Description
Aims:
The module aims to give the students an in-depth introduction to Magnetic Resonance Imaging (MRI) from the computational perspective.
Intended learning outcomes:
On successful completion of the module, a student will be able to:
- Understand, in-depth, MRI through learning and implementing, in silico, all the key components of modern MRI systems.
- Gain significant experience in software development for general scientific computing and visualisation.
Indicative content:
The following are indicative of the topics the module will typically cover:
- Introduction to magnetic resonance imaging.
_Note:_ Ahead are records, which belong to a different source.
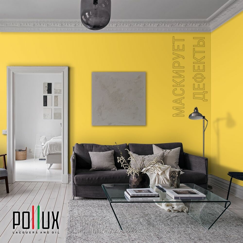 Краска моющаяся интерьерная для стен и потолков, Pollux INTERIOR без запаха, быстросохнущая, акриловая, матовое покрытие, цвет NCS S 1505-Y, 1л.
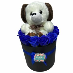 Bouquet de Girasoles y Rosas Eternas con Peluche Perrito 20cm
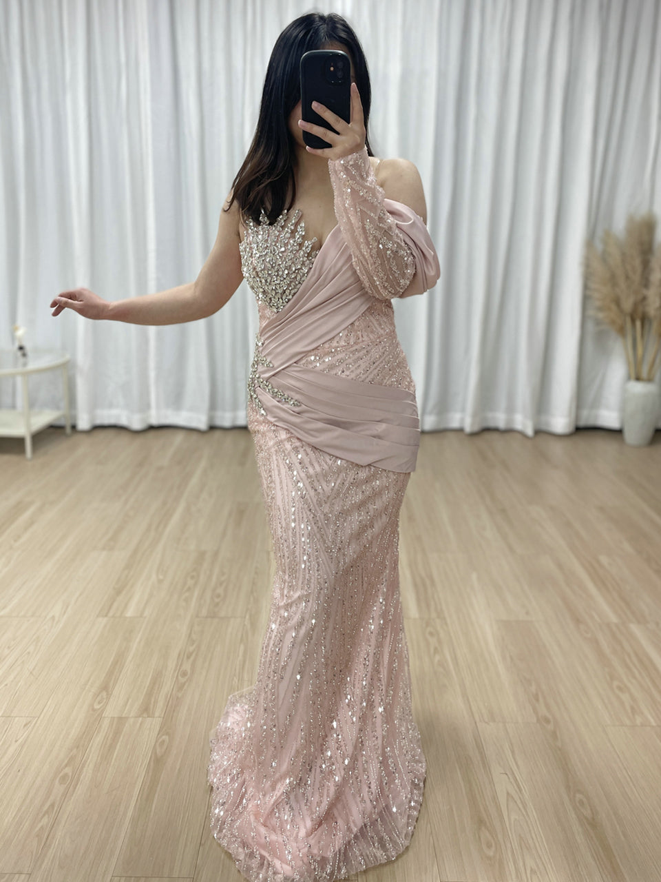 Chic Off-Shoulder Pink Gown for Gala Nights MY30138

- Classical description of a magnetic field acting on a single nucleus (equation of motion; rotating frame of reference; concept of magnetic resonance).
- Macroscopic magnetization (concept of relaxation; the Bloch equation).
- Introduction to signal detection and acquisition (free induction decay; spin echoes; inversion recovery; spectroscopy).
- Fourier imaging: the MR physics perspective (k-space; gradient echoes; slice excitation).
- Fourier imaging: the signal processing perspective (fundamentals of continuous and discrete Fourier transforms; sampling theory; image reconstruction).
- Noise modelling and contrast mechanisms.
Requisites:
To be eligible to select this module as an option or elective, a student must: (1) be registered on a programme and year of study for which it is a formally available; and (2) have suitable experience with Matlab.
Module deliveries for 2024/25 academic year
Last updated
This module description was last updated on 19th August 2024.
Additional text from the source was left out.